▸ **Dataset content**:

......

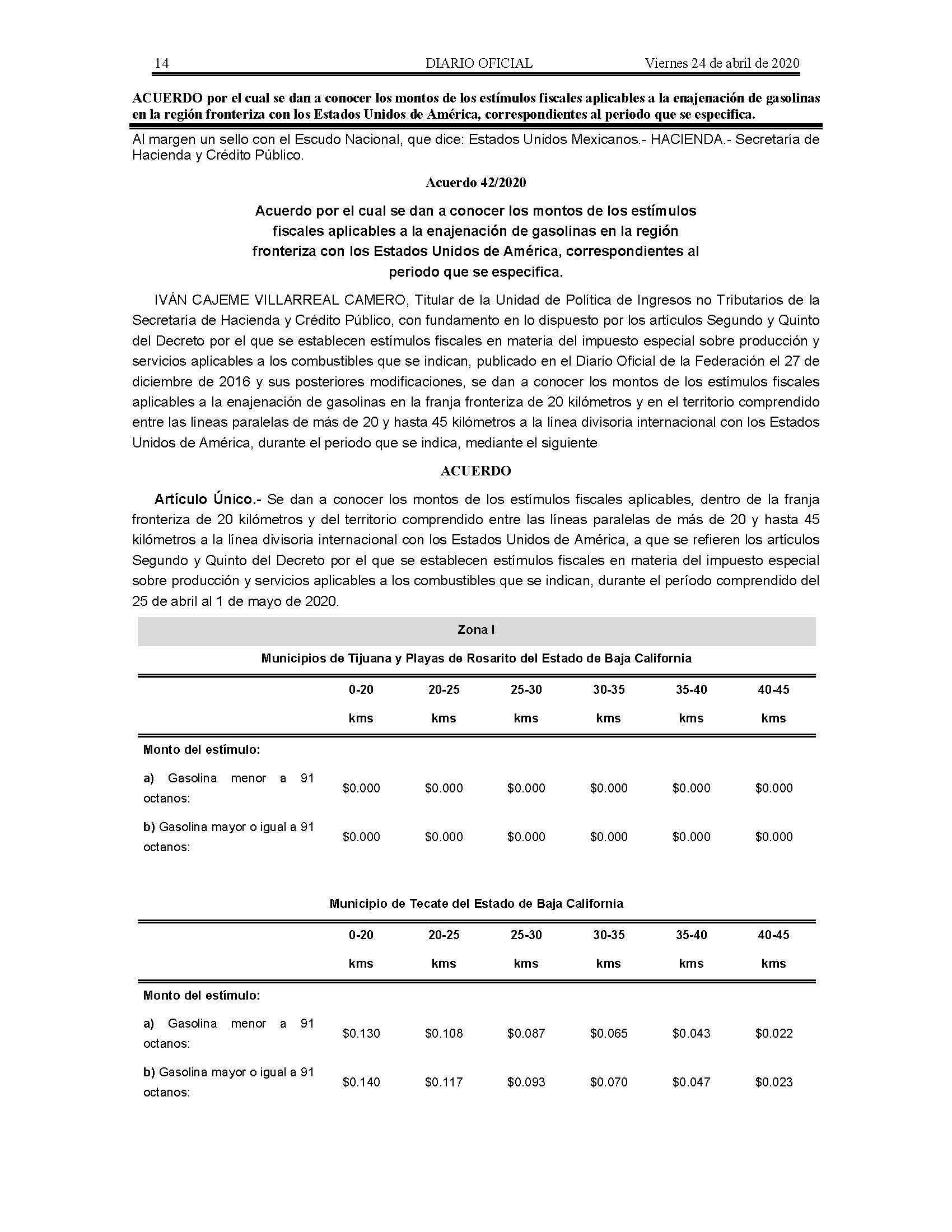 Acuerdo por el cual se dan a conocer los montos de los estímulos fiscales aplicables a la enajenación de gasolinas en la región fronteriza con los Estados Unidos de América, correspondientes al periodo que se especifica.
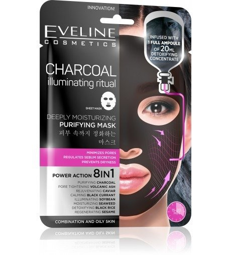 - A deeply purifying Korean mask on the fabric, soaked with 20ml detoxifying serum, rich in active carbon, volcanic dust, caviar, blackcurrant extract, black soy, algae, black rice and sesame.
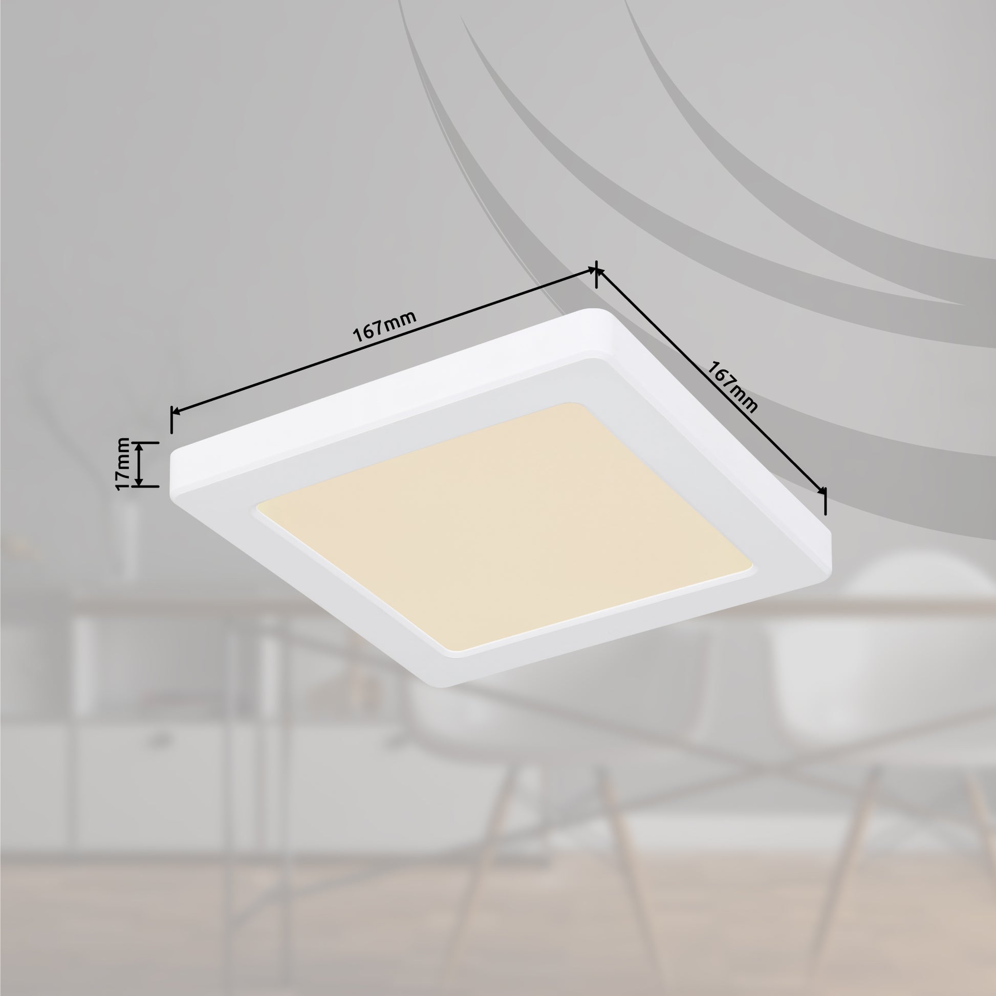 Diese quadratische Deckenleuchte in Weiß der Serie Lasse begeistert durch Ihr tolles Design. In einem weißen Rahmen mit einer Seitenlänge von ca. 16cm befindet sich eine LED-Platine. Diese kann in den Lichtstufen 3000 Kelvin warmweiß, 4500 Kelvin neutral und 6000 Kelvin kaltweiß fixiert werden und erschafft eine angenehme Atmosphäre.

......

Please retype the data exactly, but do not carry over any picture.

 Acuerdo por el cual se dan a conocer los montos de los estímulos fiscales aplicables a la enajenación de gasolinas en la región fronteriza con los Estados Unidos de América, correspondientes al periodo que se especifica.
 - A deeply purifying Korean mask on the fabric, soaked with 20ml detoxifying serum, rich in active carbon, volcanic dust, caviar, blackcurrant extract, black soy, algae, black rice and sesame.
 Diese quadratische Deckenleuchte in Weiß der Serie Lasse begeistert durch Ihr tolles Design. In einem weißen Rahmen mit einer Seitenlänge von ca. 16cm befindet sich eine LED-Platine. Diese kann in den Lichtstufen 3000 Kelvin warmweiß, 4500 Kelvin neutral und 6000 Kelvin kaltweiß fixiert werden und erschafft eine angenehme Atmosphäre.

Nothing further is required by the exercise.